The Loan Syndications and Trading Association will appeal a Dec. 22 federal district court ruling that shot down the trade group’s 2016 lawsuit against U.S. financial regulators challenging new risk-retention standards for collateralized loan obligations.

The LSTA announced late Thursday it planned to file an appeal to the Federal Court of Appeals in the D.C. circuit.  The group had been mulling its actions since the district court issued its ruling last month, which the LSTA stated “disappoints” an industry worried that the rules will curtail CLO issuance and hamper financing to speculative-grade companies that depend on syndications of their high-risk loans to securitization investors.

The LSTA and other structured-finance groups were suing the Securities and Exchange Commission and the Federal Reserve, which established the rules’ application to CLOs in December 2014 and set a Christmas Eve 2016 start date for enforcement.

The risk-retention rules, as directed by the Dodd-Frank Act for securitizations in mortgages, loans and other asset classes, are designed to align manager and investors’ interest by requiring “skin in the game” for sponsors and originators of loans.

Opponents of the rule have argued the standards were misapplied to the asset class since CLO managers, asserting that the managers serve only as money managers and arrangers – not originators – and do not fit the “securitizer” standard set forth in Dodd-Frank.

But in its 48-page decision, the district court cited the agencies’ contention that “special purpose vehicles and investors in the open market CLO structures to not choose or monitor assets in the CLO itself,” the Dec. 22 ruling stated. “[I]t makes less sense for them to retain risk instead of managers that do select and monitor the assets.”

The agencies had determined that CLOs and their managers were covered by the risk-retention standard since they are the agent in charge of investment and performance-monitoring decisions on the portfolios.

The appeals court is the same court that last spring under chief judge and Supreme Court nominee Merrick Garland had remanded the case to the D.C. district court for a hearing, following the LSTA’s long-shot ploy to first argue the case at the appeals court level in hopes of obtaining an immediate stoppage to the new rules.

Opponents were seeking changes to better accommodate CLOs, including limiting the stake to the equity tranche or providing a “qualified CLO” exemption similar to quality mortgages that home-loan lenders can exclude from the retention standard for securitizations.   

 “The LSTA strongly believes that the District Court’s December 22nd ruling was incorrect and that the agencies inappropriately applied the risk retention rules to managers of CLOs,” the association stated in a release. “CLOs performed extraordinarily well before, during and after the financial crisis; they are not the product that the Dodd-Frank Act intended to fix.”

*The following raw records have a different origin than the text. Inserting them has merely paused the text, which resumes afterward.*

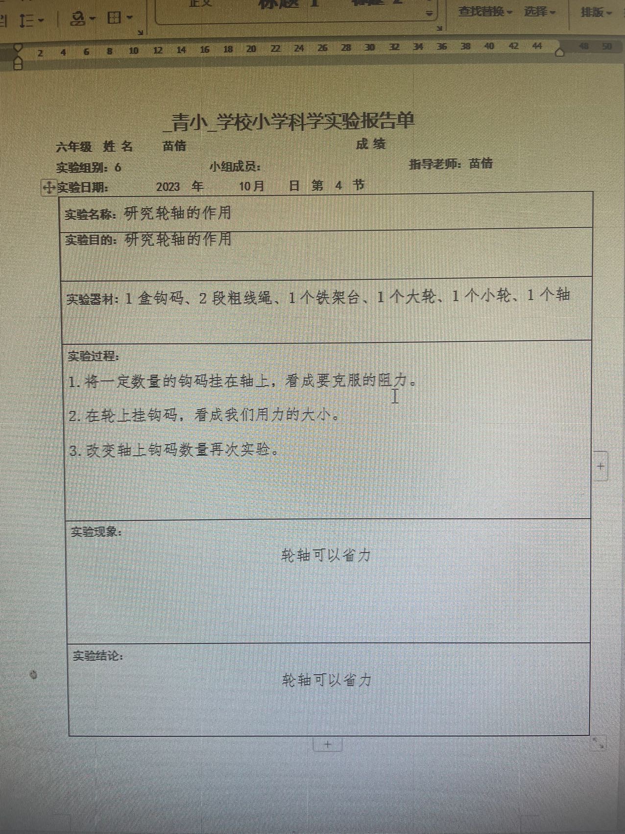 研究轮轴的作用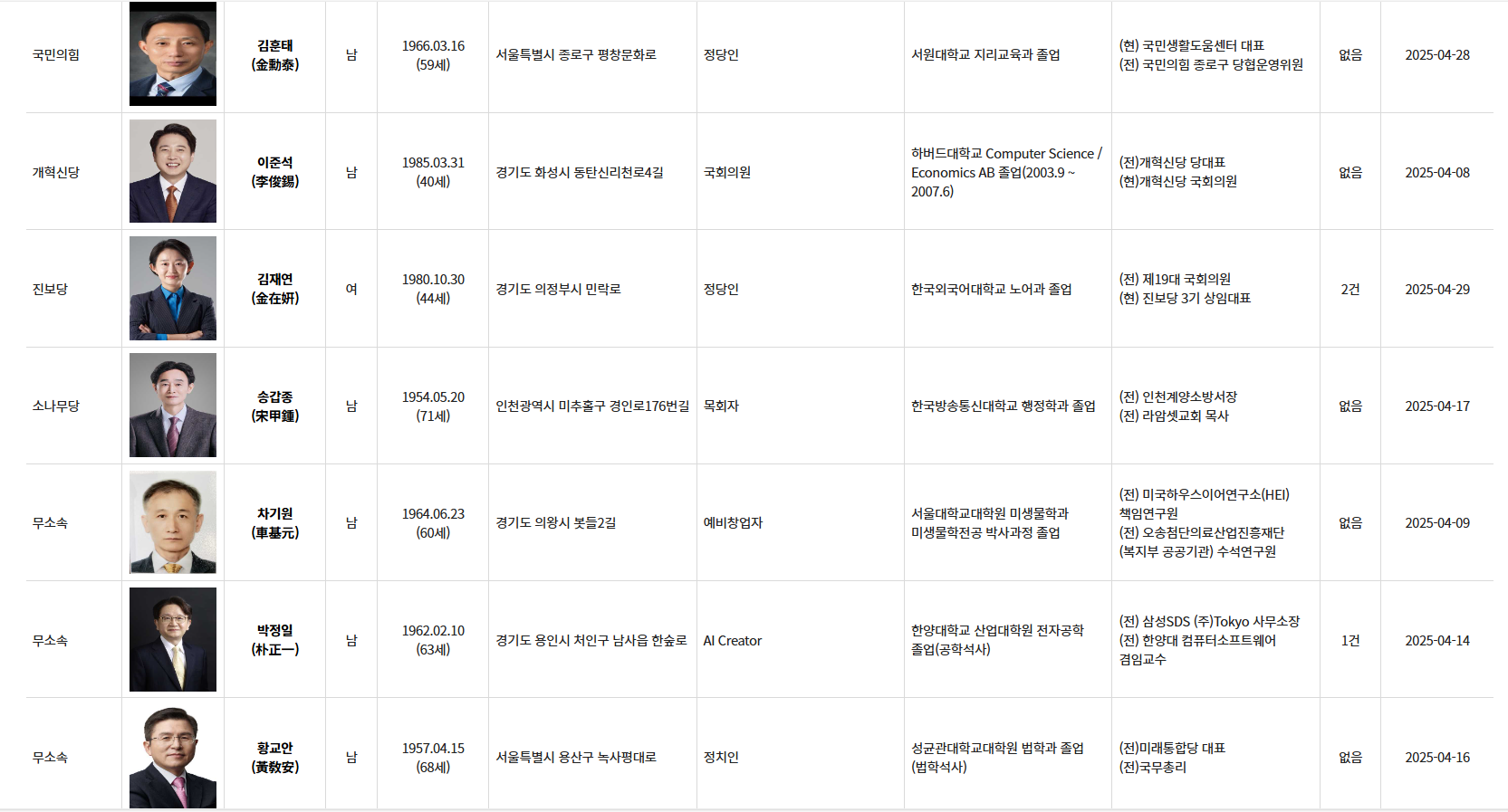 🗳️ 대통령 재보궐선거 예비후보자 명부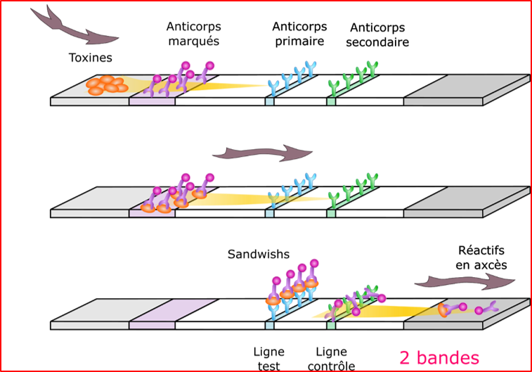 The sensitive in vitro detection of biomolecules is essential in numerous contexts, notably for medical applications, either for efficient pathogen identification or biomarker monitoring. The possibility to achieve high sensitivity with simple devices is thus an important objective to enhance the characterization of environmental samples or the diagnosis efficiency and consequently the prophylaxis or the patient care. For this purpose, we are developing the use of lanthanide-based photoluminescent nanoparticles as ultra-sensitive biological in vitro reporters. These nano-objects, synthesized in the Condensed Matter Physics Lab (Ecole Polytechnique) have remarkable optical properties, including exceptionally high brightness and photostability. We notably design the protocols and the instrumentation for fast multiplexed nitrocellulose-based assay (or Lateral Flow Assays ). Based on this approach, we realize the quantitative detection of multiple pathogens at ultra-high sensitivities (picomolar) for fast tests (Figure).

In its statement, the LSTA expressed confidence it can have the case reinstated. “Critically, unlike appeals involving a judge’s or jury’s fact-finding in criminal or civil litigation, an appeal of a District Court’s administrative law decision involves no deference to the lower court or presumption that the court was correct. Therefore, we look forward to a thorough and direct analysis of the agencies’ rule.”